Set down the whole listing below exactly. The pictures stay out.

■ **Information**:
————————

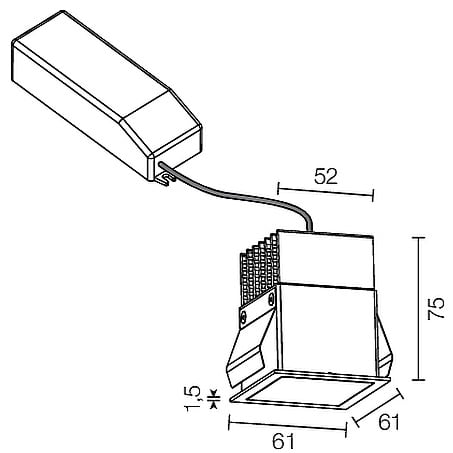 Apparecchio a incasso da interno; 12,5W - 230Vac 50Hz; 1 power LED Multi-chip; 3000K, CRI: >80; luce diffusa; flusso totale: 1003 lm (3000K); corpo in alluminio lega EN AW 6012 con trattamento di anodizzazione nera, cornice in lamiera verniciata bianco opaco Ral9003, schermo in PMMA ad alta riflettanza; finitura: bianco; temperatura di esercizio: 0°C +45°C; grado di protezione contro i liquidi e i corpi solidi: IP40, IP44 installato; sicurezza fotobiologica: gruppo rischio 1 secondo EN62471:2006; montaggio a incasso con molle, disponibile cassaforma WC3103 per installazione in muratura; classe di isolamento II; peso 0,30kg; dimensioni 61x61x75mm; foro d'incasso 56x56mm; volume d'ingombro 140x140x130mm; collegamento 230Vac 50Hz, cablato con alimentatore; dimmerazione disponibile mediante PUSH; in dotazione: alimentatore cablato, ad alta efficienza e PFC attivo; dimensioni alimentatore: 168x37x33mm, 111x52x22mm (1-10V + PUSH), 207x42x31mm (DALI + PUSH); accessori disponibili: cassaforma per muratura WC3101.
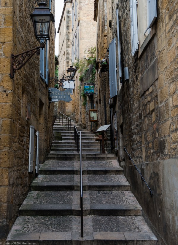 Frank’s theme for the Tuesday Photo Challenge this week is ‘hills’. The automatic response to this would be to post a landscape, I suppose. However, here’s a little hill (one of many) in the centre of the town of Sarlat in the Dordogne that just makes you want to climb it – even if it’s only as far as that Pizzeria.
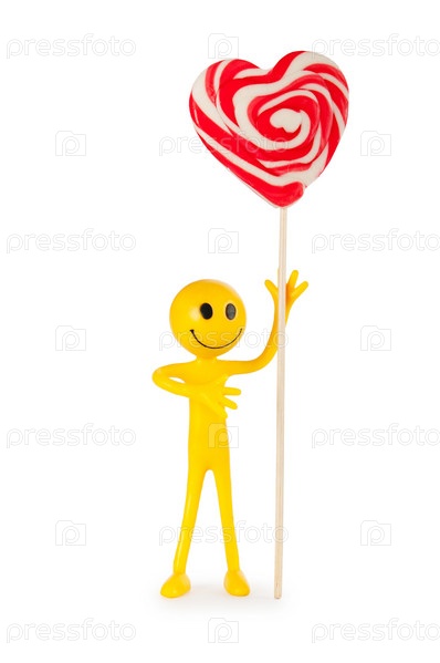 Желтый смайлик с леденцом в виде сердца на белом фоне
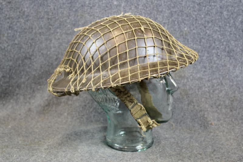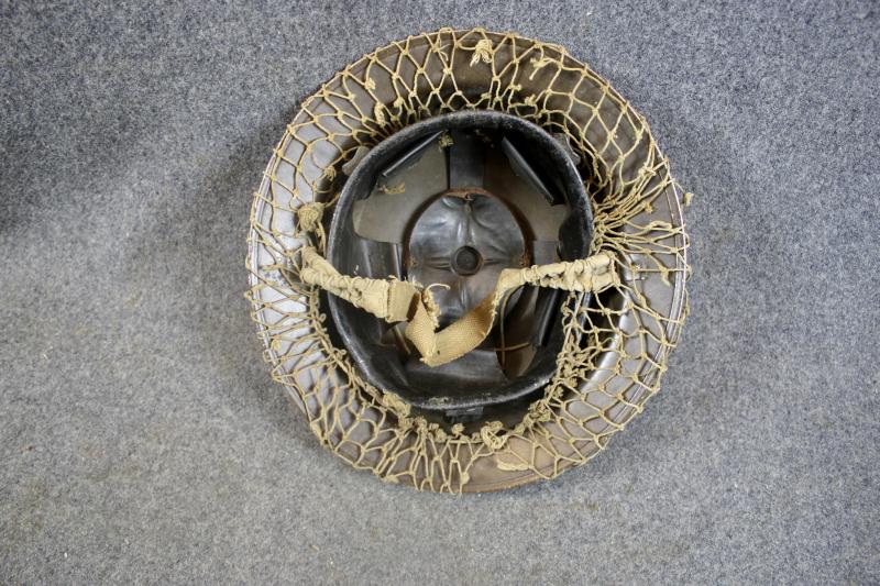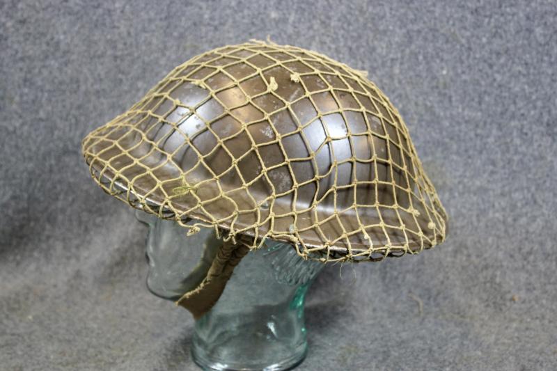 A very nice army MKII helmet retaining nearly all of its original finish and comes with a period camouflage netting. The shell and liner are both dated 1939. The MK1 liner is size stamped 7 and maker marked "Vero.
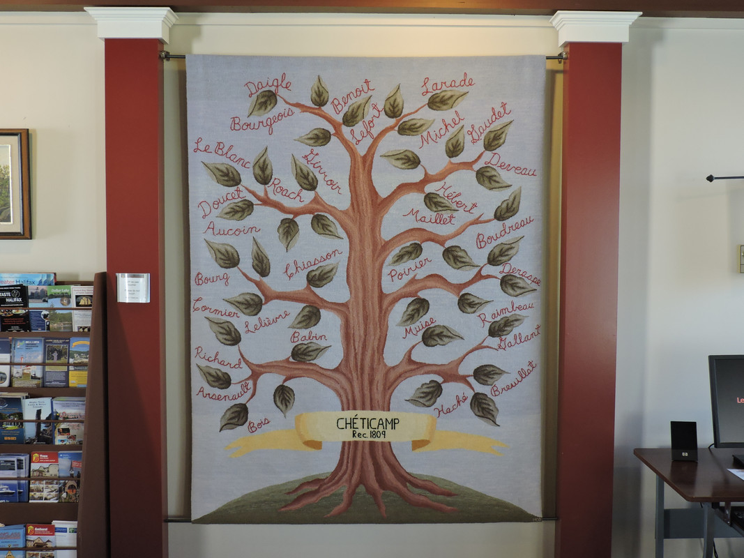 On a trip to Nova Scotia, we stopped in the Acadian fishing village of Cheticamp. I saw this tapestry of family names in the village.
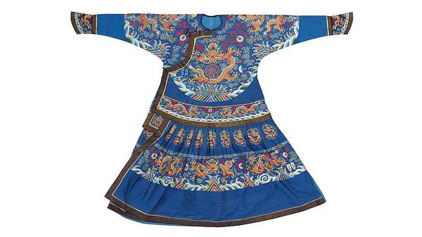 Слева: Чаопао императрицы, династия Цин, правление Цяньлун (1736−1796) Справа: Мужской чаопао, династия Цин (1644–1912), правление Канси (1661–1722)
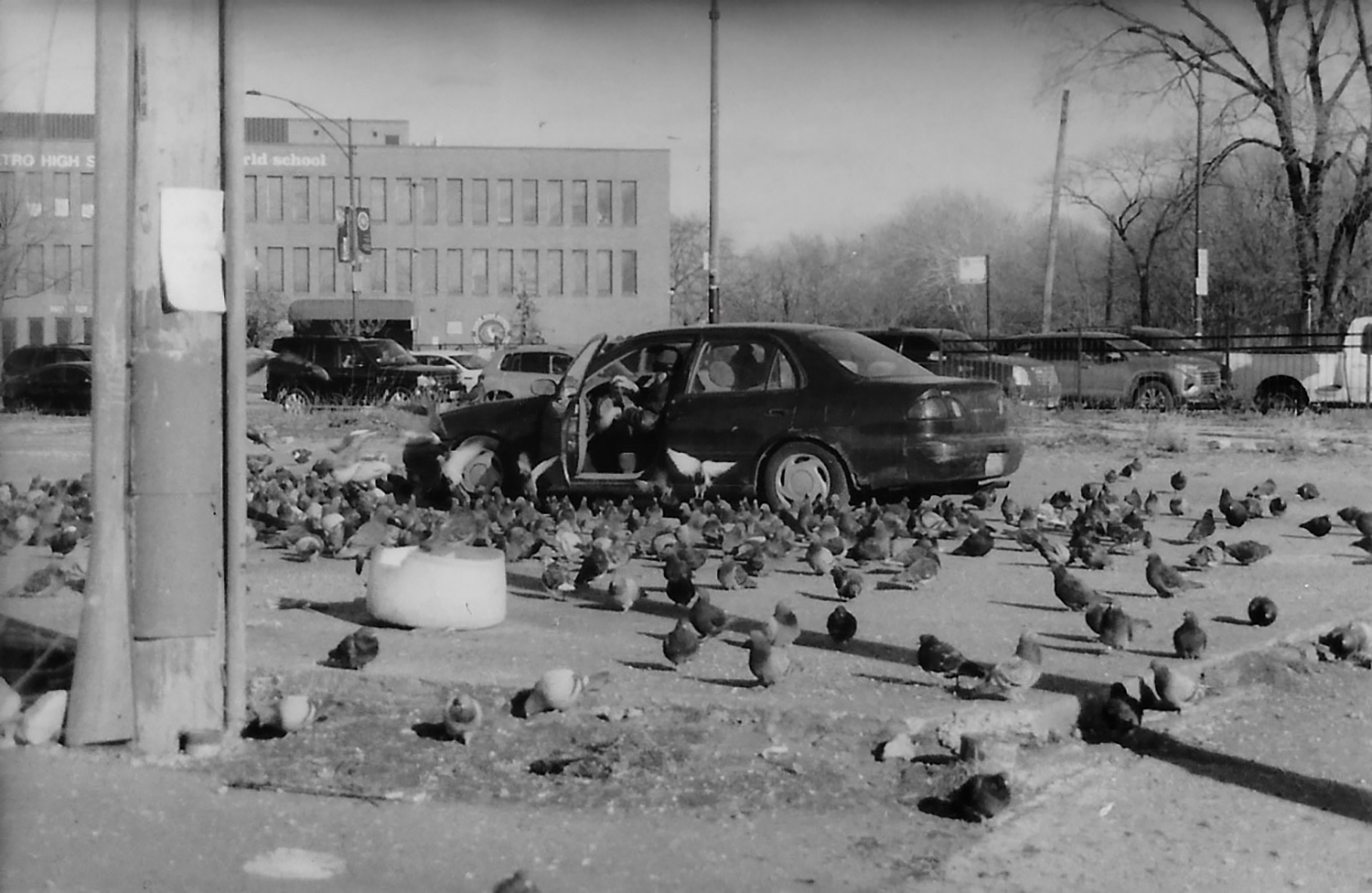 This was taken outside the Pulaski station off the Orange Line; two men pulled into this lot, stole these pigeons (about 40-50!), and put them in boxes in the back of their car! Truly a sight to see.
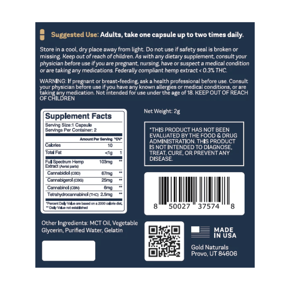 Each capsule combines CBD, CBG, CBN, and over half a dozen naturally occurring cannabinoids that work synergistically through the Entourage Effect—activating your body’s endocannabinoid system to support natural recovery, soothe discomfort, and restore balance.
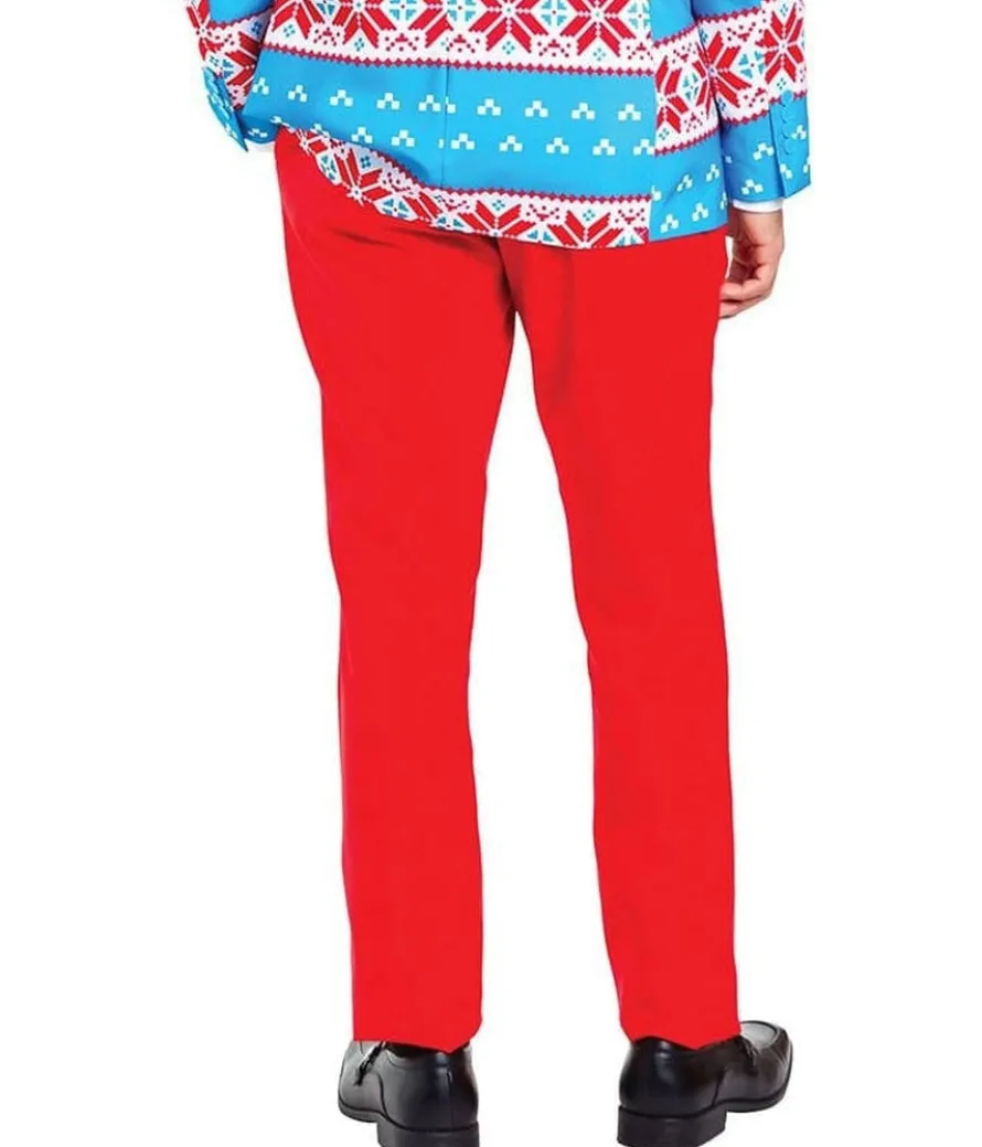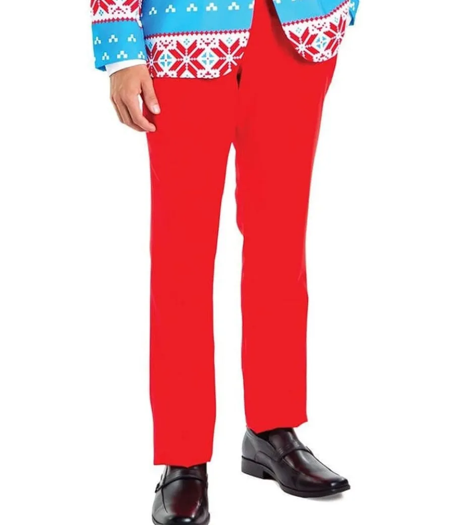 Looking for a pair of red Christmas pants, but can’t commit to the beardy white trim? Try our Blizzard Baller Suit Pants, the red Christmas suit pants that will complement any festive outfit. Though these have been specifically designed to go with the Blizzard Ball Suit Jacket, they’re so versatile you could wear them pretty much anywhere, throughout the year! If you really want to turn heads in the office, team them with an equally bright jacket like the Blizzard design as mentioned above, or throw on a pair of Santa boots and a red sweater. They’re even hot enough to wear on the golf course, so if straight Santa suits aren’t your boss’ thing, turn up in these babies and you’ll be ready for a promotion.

————————

■ **Your solution**:
 Apparecchio a incasso da interno; 12,5W - 230Vac 50Hz; 1 power LED Multi-chip; 3000K, CRI: >80; luce diffusa; flusso totale: 1003 lm (3000K); corpo in alluminio lega EN AW 6012 con trattamento di anodizzazione nera, cornice in lamiera verniciata bianco opaco Ral9003, schermo in PMMA ad alta riflettanza; finitura: bianco; temperatura di esercizio: 0°C +45°C; grado di protezione contro i liquidi e i corpi solidi: IP40, IP44 installato; sicurezza fotobiologica: gruppo rischio 1 secondo EN62471:2006; montaggio a incasso con molle, disponibile cassaforma WC3103 per installazione in muratura; classe di isolamento II; peso 0,30kg; dimensioni 61x61x75mm; foro d'incasso 56x56mm; volume d'ingombro 140x140x130mm; collegamento 230Vac 50Hz, cablato con alimentatore; dimmerazione disponibile mediante PUSH; in dotazione: alimentatore cablato, ad alta efficienza e PFC attivo; dimensioni alimentatore: 168x37x33mm, 111x52x22mm (1-10V + PUSH), 207x42x31mm (DALI + PUSH); accessori disponibili: cassaforma per muratura WC3101.
 Frank’s theme for the Tuesday Photo Challenge this week is ‘hills’. The automatic response to this would be to post a landscape, I suppose. However, here’s a little hill (one of many) in the centre of the town of Sarlat in the Dordogne that just makes you want to climb it – even if it’s only as far as that Pizzeria.
 Желтый смайлик с леденцом в виде сердца на белом фоне
 A very nice army MKII helmet retaining nearly all of its original finish and comes with a period camouflage netting. The shell and liner are both dated 1939. The MK1 liner is size stamped 7 and maker marked "Vero.
 On a trip to Nova Scotia, we stopped in the Acadian fishing village of Cheticamp. I saw this tapestry of family names in the village.
 Слева: Чаопао императрицы, династия Цин, правление Цяньлун (1736−1796) Справа: Мужской чаопао, династия Цин (1644–1912), правление Канси (1661–1722)
 This was taken outside the Pulaski station off the Orange Line; two men pulled into this lot, stole these pigeons (about 40-50!), and put them in boxes in the back of their car! Truly a sight to see.
 Each capsule combines CBD, CBG, CBN, and over half a dozen naturally occurring cannabinoids that work synergistically through the Entourage Effect—activating your body’s endocannabinoid system to support natural recovery, soothe discomfort, and restore balance.
 Looking for a pair of red Christmas pants, but can’t commit to the beardy white trim? Try our Blizzard Baller Suit Pants, the red Christmas suit pants that will complement any festive outfit. Though these have been specifically designed to go with the Blizzard Ball Suit Jacket, they’re so versatile you could wear them pretty much anywhere, throughout the year! If you really want to turn heads in the office, team them with an equally bright jacket like the Blizzard design as mentioned above, or throw on a pair of Santa boots and a red sweater. They’re even hot enough to wear on the golf course, so if straight Santa suits aren’t your boss’ thing, turn up in these babies and you’ll be ready for a promotion.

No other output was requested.